Abstract

Vanadium redox flow battery (V-RFB) has been attracted by many researches; some are under field testing and demonstration stage, but information on construction, experimental characterization, electrolyte preparation, overall systems under study, etc. are still limited. This paper focus on the technical issues faced and the lessons learnt during the development of unit cell and system for V-RFB. Firstly, brief description on problem identification, development and implementation in cell design and system for V-RFB are discussed. Secondly, preliminary experiment on 25 cm² laboratory, unit cell V-RFB presents various difficulties such as its high tendency to fall under failure mode are presented.

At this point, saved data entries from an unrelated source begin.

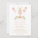 This design is part of the "Ballerina" baby shower collection. It features cute stationery with watercolor rabbits dressed as ballerinas. The main invitations of the collection have the funny pun "We are Tutu Excited".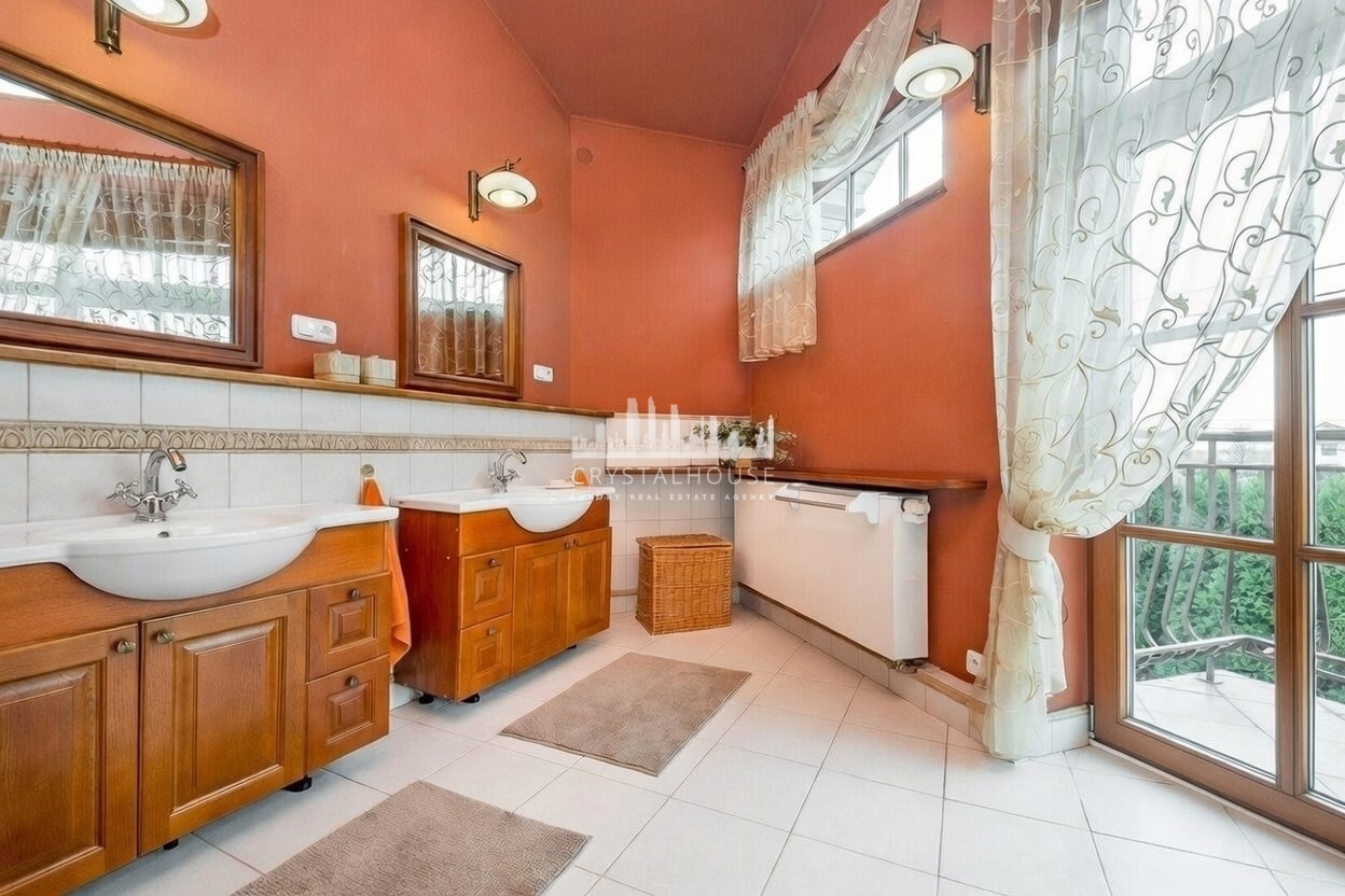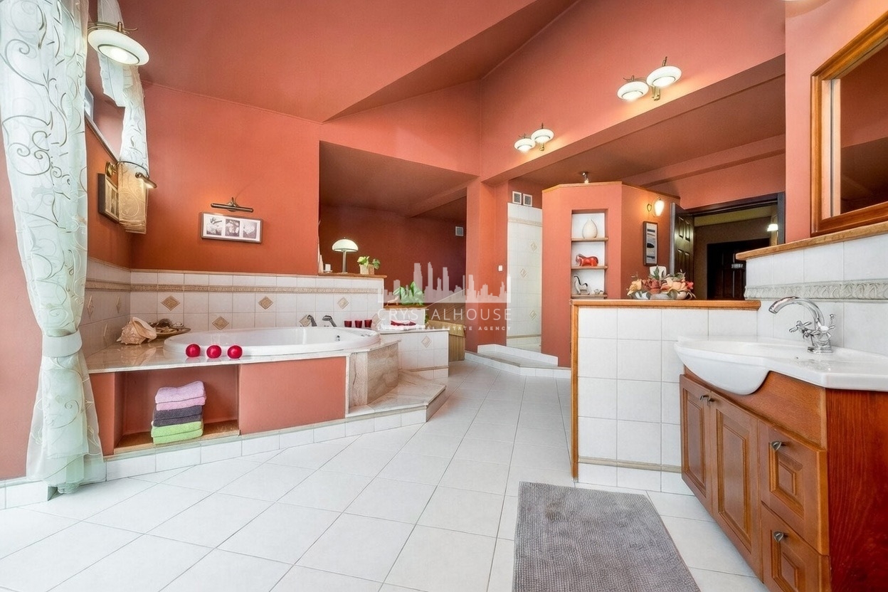 Na piętrze dysponujemy także dwupoziomowym salonem kąpielowym, o pow. 28m2. Na pierwszym poziomie znajdują się dwie oddzielne umywalki z szafkami, ubikacja, bidet, prysznic z biczami wodnymi i okrągła duża wanna z jacuzzi. Na drugim poziomie pokoju kąpielowego znajduje się w pełni wyposażona drewniana sauna na 6 osób, kącik wypoczynkowy i bezpośrednie wyjście na górny taras.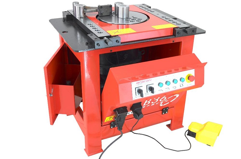 Электрический станок для гибки арматуры Afacan В36 предназначен для гибки холодной арматурной стали. Работает от сети 380 В. Гнет рифленую и гладкую арматуру (катанку) диаметром до 36 мм, в том числе и по несколько прутков одновременно, но в сумме не более 36 мм толщиной. Позволяет быстро создать закладные, крюки, хомуты, изгибы, иные элементы кованных изделий.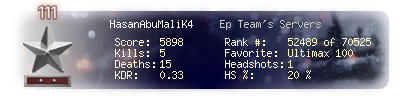 | Kill-streak | 2 | Death-streak | 8 | Team Kills | 0 |

Finally, discussion on experimental result which shows significant improvement on V-RFB system efficiency up to 72% with reduction of contact resistance, recorded an average of 8.6 mΩ. In addition, the newly developed system provides a constructive base for future studies in temperature-controlled system and a divided, open-circuit potentiometric cell for half-cell redox analysis.
 
Key words: Redox flow battery, energy storage, cell design.

Abbreviation

V-RFB, Vanadium redox flow battery; E_cell, cell potential, measured across unit cell stack; E_cell(ORP), open-circuit cell potential across two electrode, otherwise abbreviated as E_cell(ORP) for oxidation-reduction redox potential; E^o, open circuit cell potential, E_V(III)/V(II), positive half-cell potential for V-RFB; E_V(IV)/V(V), negative half-cell potential for V-RFB; HEV, hybrid electric vehicle; PTFE, polytetrafluoroethylene; PVC, polyvinyl chloride polymer; RFB, redox flow battery; SHE, standard hydrogen electrode; V(II), V(III), V(IV) and V(V), vanadium species at different level of oxidation state.